Web of Eyes
Page 15
Torsten backed away.
“Old friend,” Uriah said. A soft smile spread across his face but Torsten was unconvinced. “You have no reason to fear. I am sorry for how you have thus been treated.”
Torsten inched toward his former compatriot until one of the masked cultists beckoned Torsten to step through. The moment he was free, Uriah wrapped him in a tight hug. Then he held him at arm’s length, smiled, and asked, “How long has it been?”
“Too long,” Torsten said. “Have you been…” He looked around, “…here all this time?”
“Are you hungry?” Uriah asked, ignoring the question.
After a moment Torsten nodded. “Starved.”
“Then let us feast!”
Before he could ask any more questions, Torsten was led upstairs to a celebratory hall. Torsten had gone from being beaten and stuffed in a cage meant for dogs, to being treated like royalty. He couldn’t help but be skeptical, old friend or not.
A long, bulky table made of bronze awaited them, covered in biscuits soaked in sausage grease, pickled herring and cod, boiled apricots and honeyed hams. The dessert table was just as grand with rich foods Torsten would have been impressed by, had he not lived in the Glass Castle and had the walls not been adorned with banners and idols to the Buried Goddess. Her unholy sigil was everywhere, a droplet of blood buried beneath a sharp crest, either a mountain or the edge of an arrowhead or dagger. On the far end, two eye-shaped apertures looked out over a ravine.

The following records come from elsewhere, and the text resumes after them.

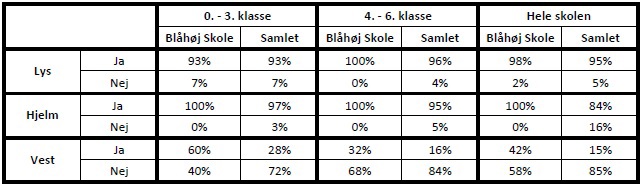I tabellen herunder er brugen af sikkerhedsudstyr for elever på Blåhøj Skole opsummeret og sammenlignet med hele kommunen.
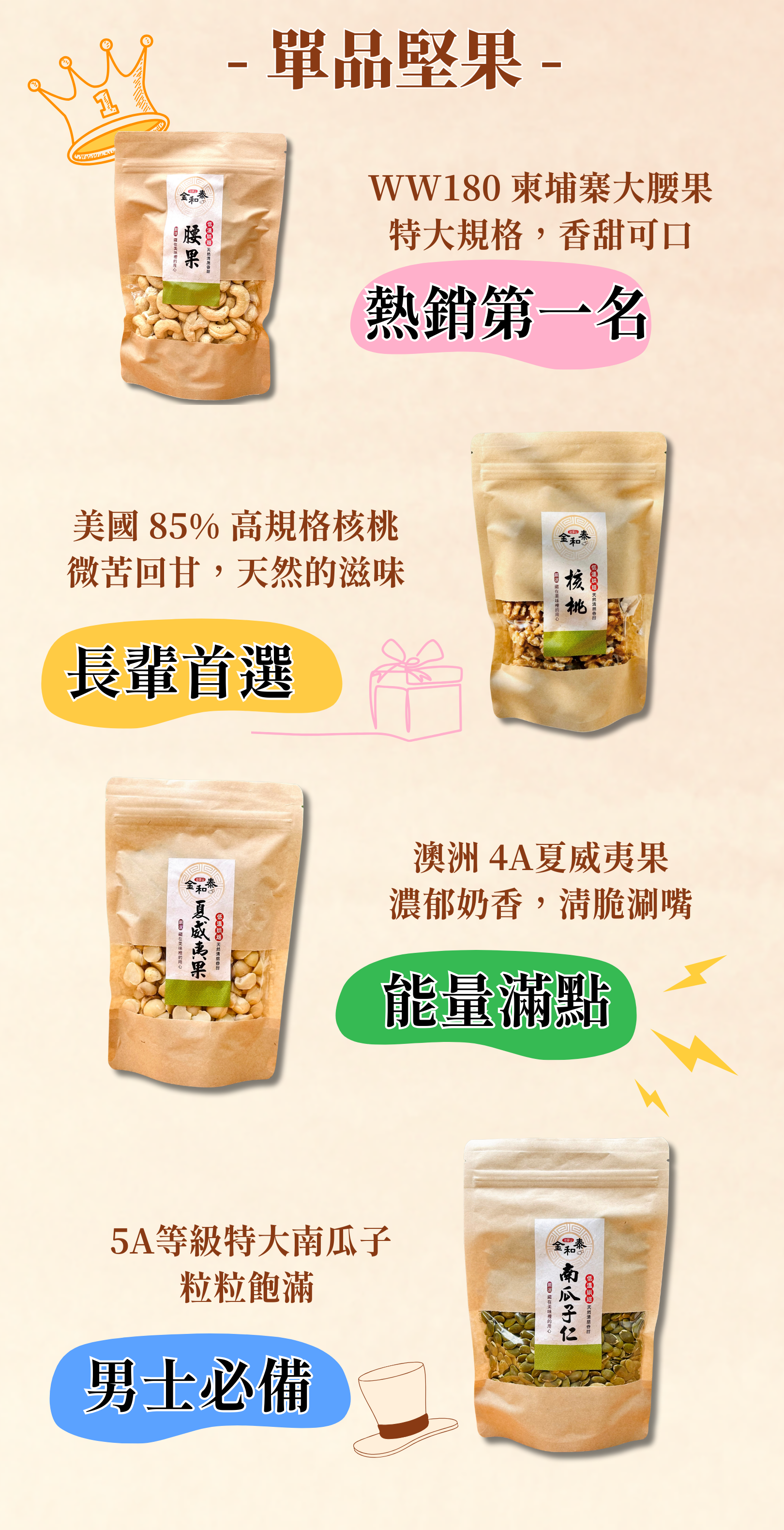 金和泰烘培利用專業堅果烘培設備低溫烤培,將營養完全保留。 每週少量製作,提供最新鮮的食材給顧客。
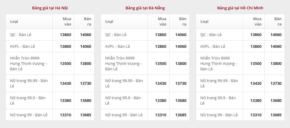 Giá vàng tại Công ty TNHH MTV Vàng bạc Đá quý Sài Gòn (SJC):
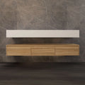 The Aventino 71-inch oak plywood floating double-sink vanity is a wall-mounted piece designed around three materials: a sintered stone top, ceramic basins, and a plywood cabinet finished in Light Oak or Smoked Oak. The grain reads clearly on the flat front; nothing competes with it.
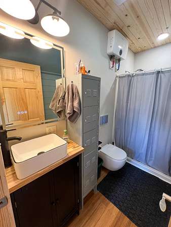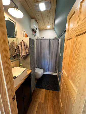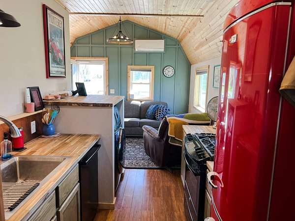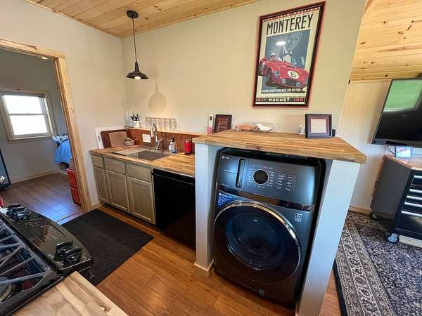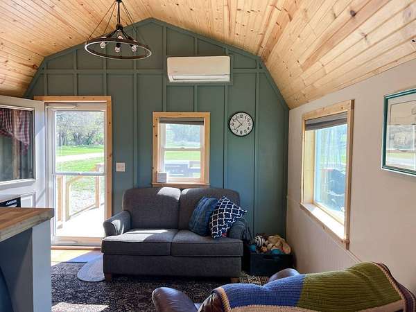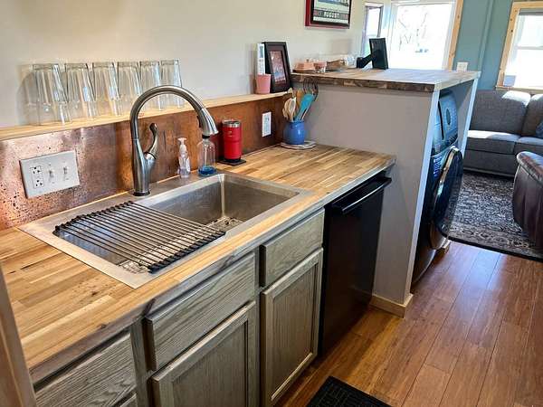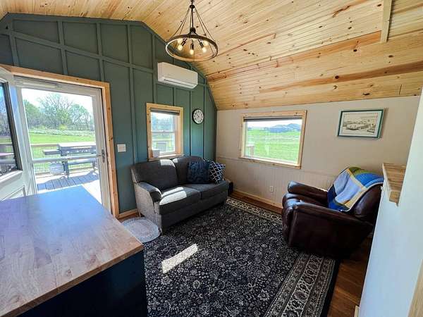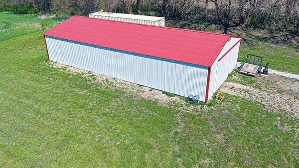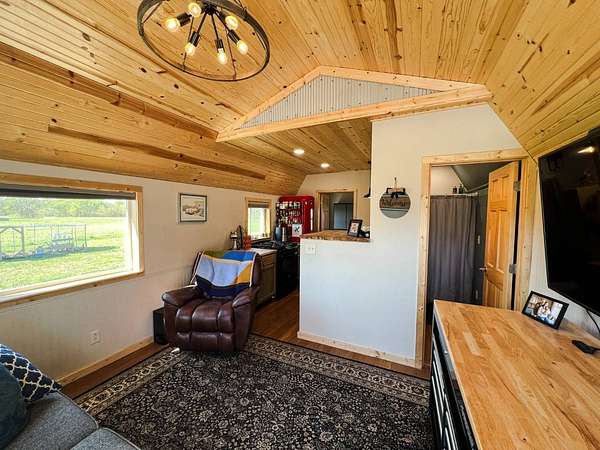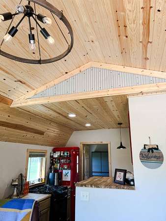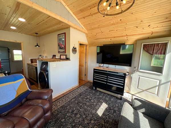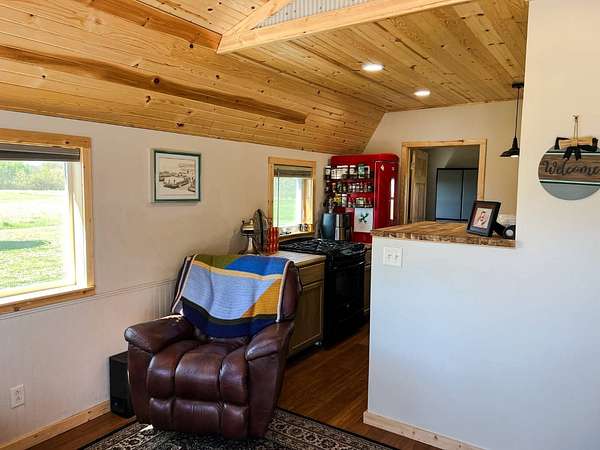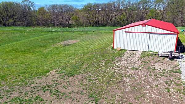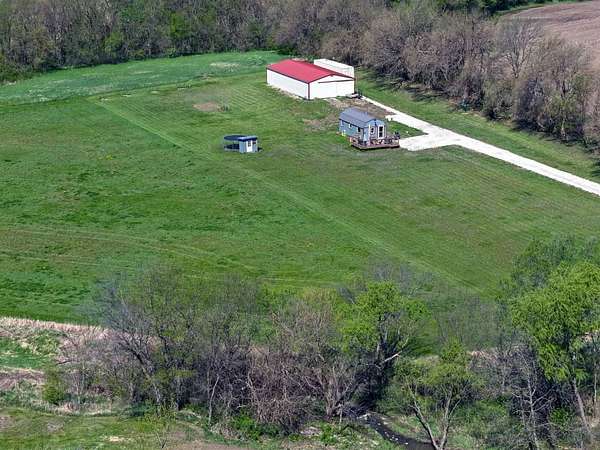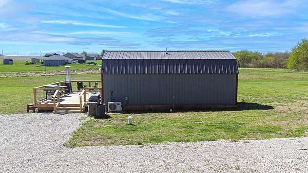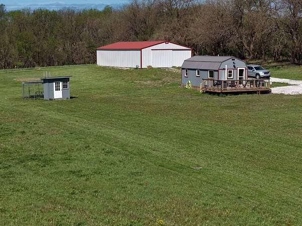 Located on nearly five acres at the edge of Sabetha, this property offers a balance of rural space and convenient access amenities. Schools, grocery store, restaurants, parks, aquatic center, tennis and racquetball courts, and shopping are all nearby, while the property itself is surrounded by mature trees that provide privacy and a quiet setting. The cabin was completed in 2024 and features a beautiful wood ceiling, one bedroom, and a full bathroom with a shower. The kitchen includes a dishwasher and gas oven/range. Thoughtful details such as a touch-activated faucet and heated, lighted bathroom mirror add convenience. A tankless water heater, insulated crawl space with heat tape, and concrete pier foundation add peace of mind. A large wood deck extends from the front of the cabin and overlooks the recently overseeded yard. The property is served by municipal water, sewer, and electric utilities, along with natural gas service through Kansas Gas Service. All utilities were newly installed in 2024, including buried electrical service to both the cabin and shed, water lines and natural gas lines to both structures, and separate breaker panels for each building. A major feature of the property is the 1,800 square foot metal-sided and metal-roofed shed built in 2011. Measuring 60x30 with 10-foot sidewalls, large sliding doors, and a walk-in entry door, the building is suited for a workshop, business use, equipment storage, hobby space, or possible future living quarters conversion. Outside you'll find apple and peach trees, an asparagus patch, and a gravel driveway with underlayment designed to reduce weed growth. The chicken coop is not included but may be negotiable. This property could work well for someone seeking a country setting with the convenience of municipal utilities and proximity to town. It also offers room to build a larger home in the future while keeping the existing cabin for guest use or long term or short term rental income.
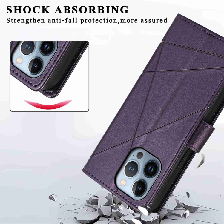 Funda para Teléfono iPhone 13 Pro PU con Línea en Relieve Textura de Cuero Genuino (Púrpura)
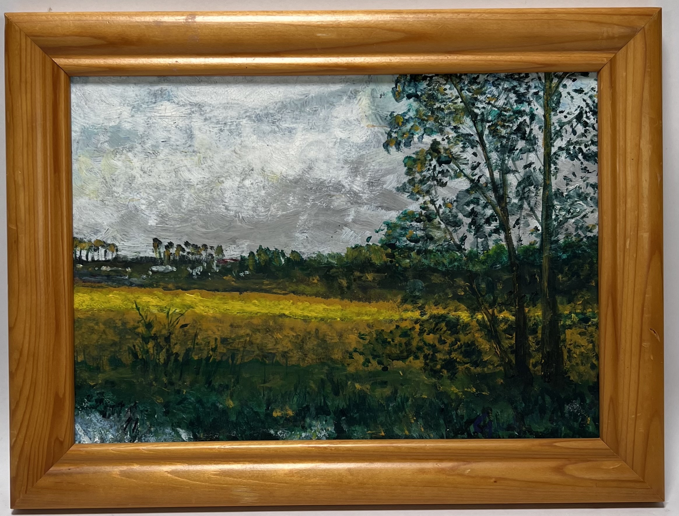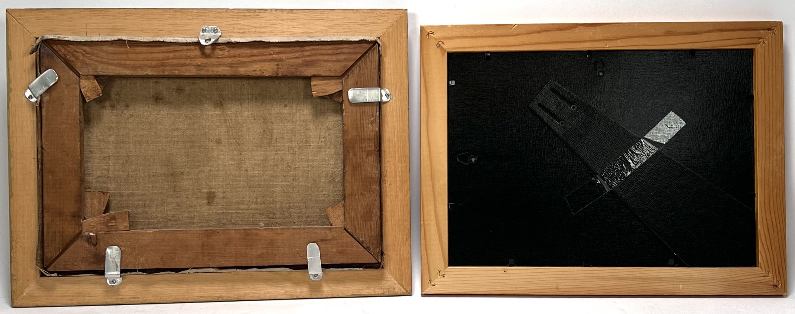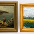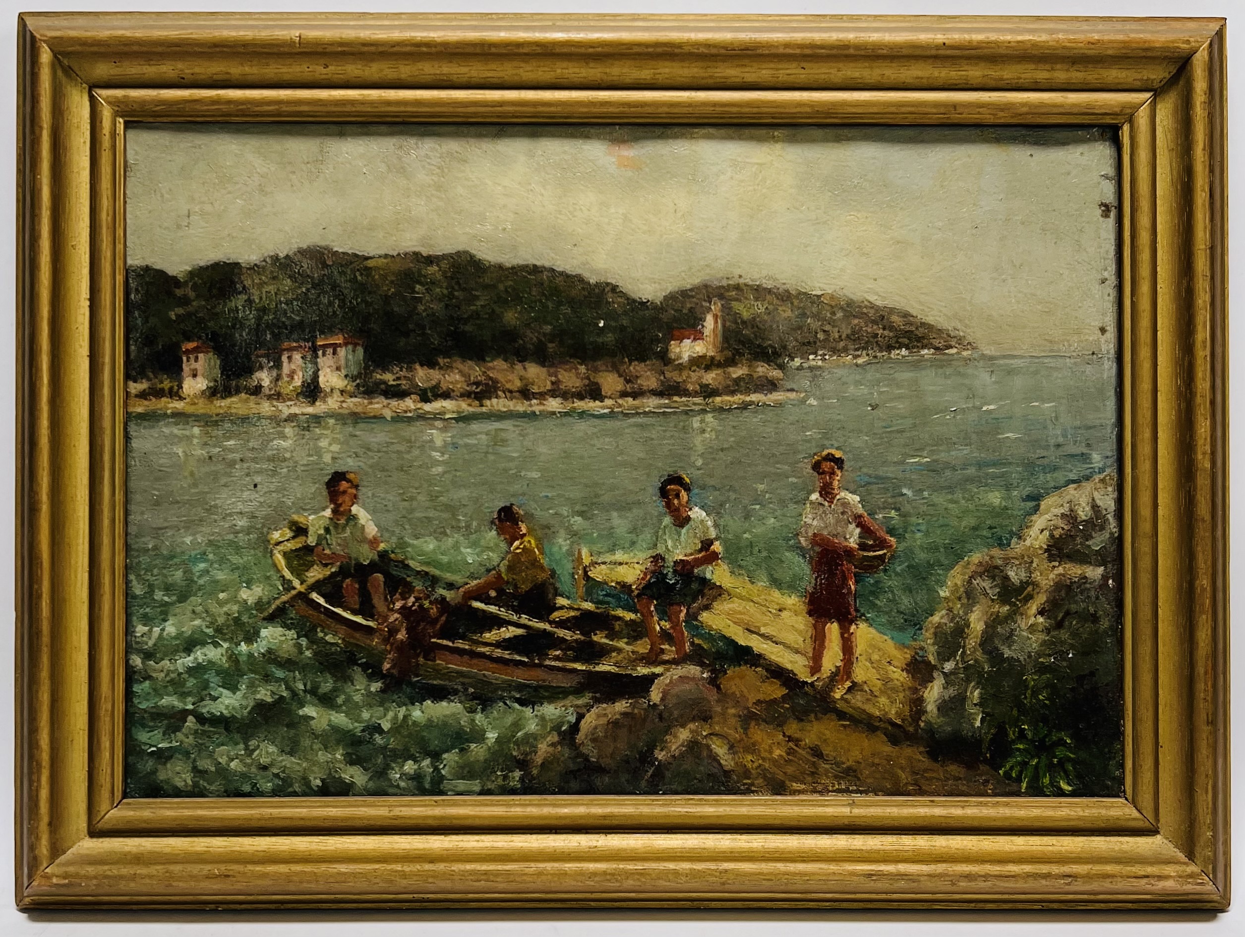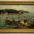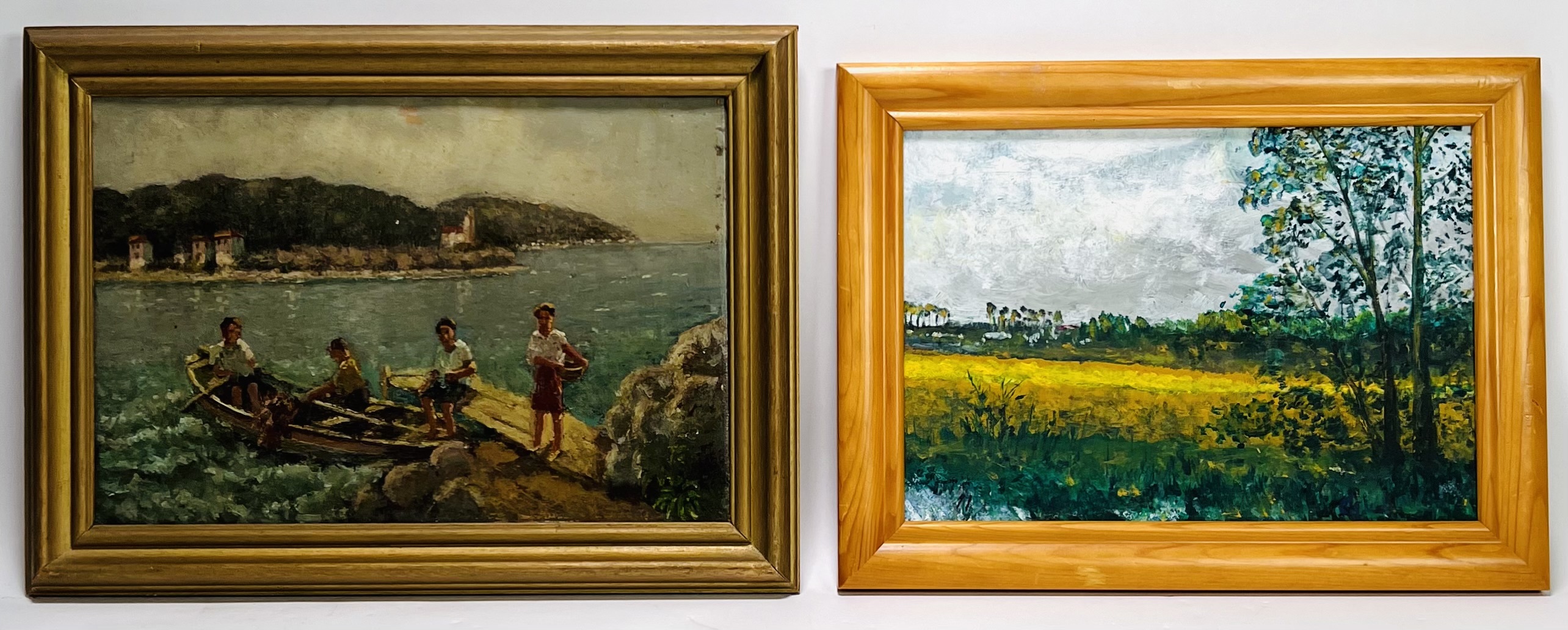 Schilderij van een Noord Italiaans meergezicht met roeiers aan de waterkant. Olieverfschilderij op linnen. Anoniem, jaren 50/60. Daarbij een schilderijtje met landschappelijke voorstelling door G. van der Woude, eind 20e eeuw. |
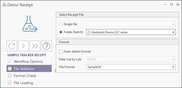 A receipt is configured for a specific laboratory and file format. These formats must be pre-configured in the Sample Tracker Metadata. In other words, once it is configured, a receipt can only be used to process result files from a specific laboratory and an associated lab file format.
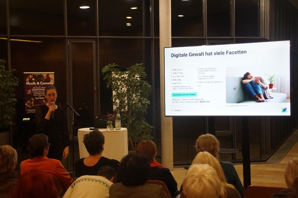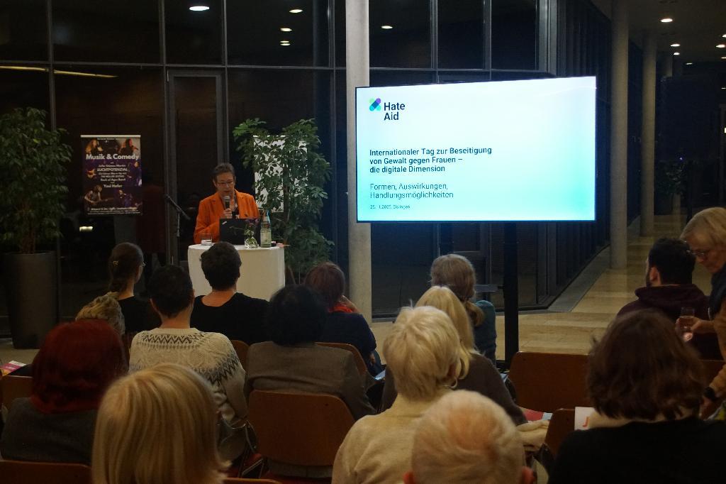 Am 25. November 2025, dem internationalen Tag gegen Gewalt an Frauen, begrüßte die eislinger-frauen-aktion efa e.V. Franziska Benning, Leiterin der Rechtsabteilung der Beratungsstelle HateAid, in der Eislinger Stadthalle. Vor einem interessierten Publikum erläuterte Benning, was digitale Gewalt ist und wie Betroffene digitaler Gewalt ihre Rechte wahrnehmen und sich wirkungsvoll zur Wehr setzen können.
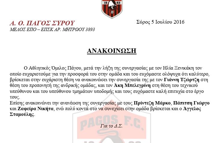 Η ανακοίνωση του Α.Ο Πάγου που επιβεβαιώνει το πρωινό μας ρεπορτάζ για τους Τζώρτζη, Μπελεγρίνη, Πρίντεζη, Πάπιτση και Ζαφείρα…
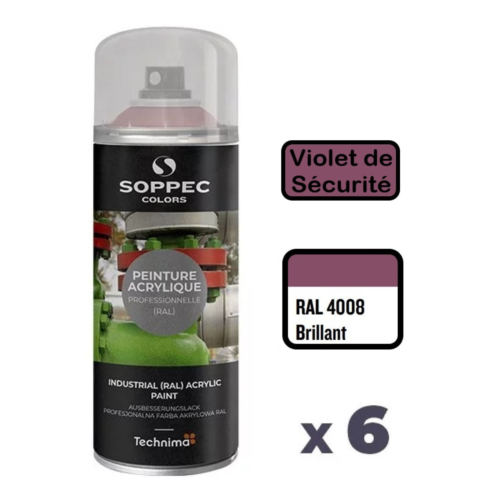 La peinture acrylique en aérosol SOPPEC Colors éxiste dans la plupart des nuances de RAL et se décline aussi bien en brillant, mat ou satin. Elle se décline également dans la quasi-intégralité des RAL spécifiques pour la sécurité, la signalisation ou l'identication des tubulures de fluide (Gaz, Air, Eau, Vapeur ...).
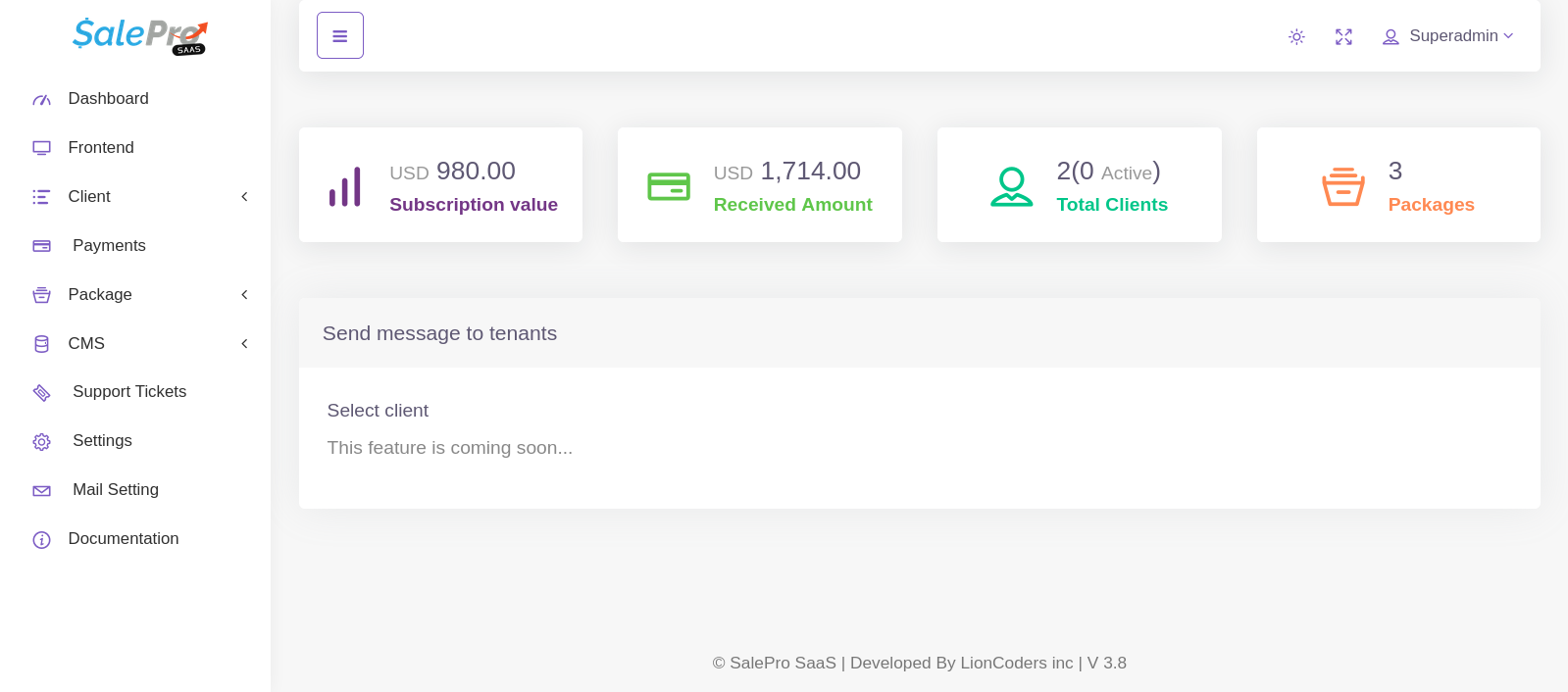The Support Ticket System in SalePro SaaS allows tenants (clients) to communicate directly with the Super Admin for any kind of issue, question, or request.
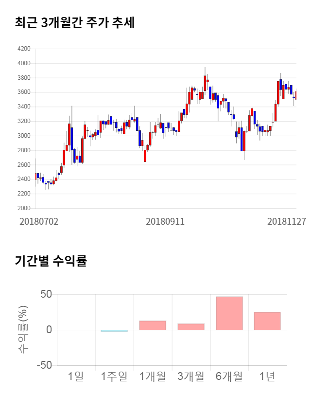 [그림 1] 최근 3개월 간 주가 추세 및 기간별 수익률

"All this food…" Torsten said, averting his eyes from the devilry. Every attempt to ask Uriah what had happened was ignored, so he decided starting with small talk was the best course. "Where does it come from?"
"Oh, this place and that," Uriah said, licking his fingers after trying a sugared dough ball. "The servants of the goddess deserve only the best."
Torsten cocked his head. "The goddess?"
"You don't need to play coy with me. I’m sure you know exactly where you are. Any man of the King’s Shield would.”
“And, I also know that we took an oath to destroy places like this. To save those who would stray from Iam’s blessed light.”
“You have so much to learn, old friend.” He pulled out a chair for Torsten and sat in one beside it. “Sit. Eat. There is much to discuss.”
Torsten eyed the finely crafted dwarven chair and then cast his gaze upon all the masked heretics patiently awaiting his next move. He’d witnessed their profane magic, and now they wanted him to take his guard down. He sat with one leg on the chair, and his feet planted and ready to shoot him upright. Uriah had served Liam and the Glass Kingdom longer than Torsten had been alive, so he deserved an opportunity to explain himself.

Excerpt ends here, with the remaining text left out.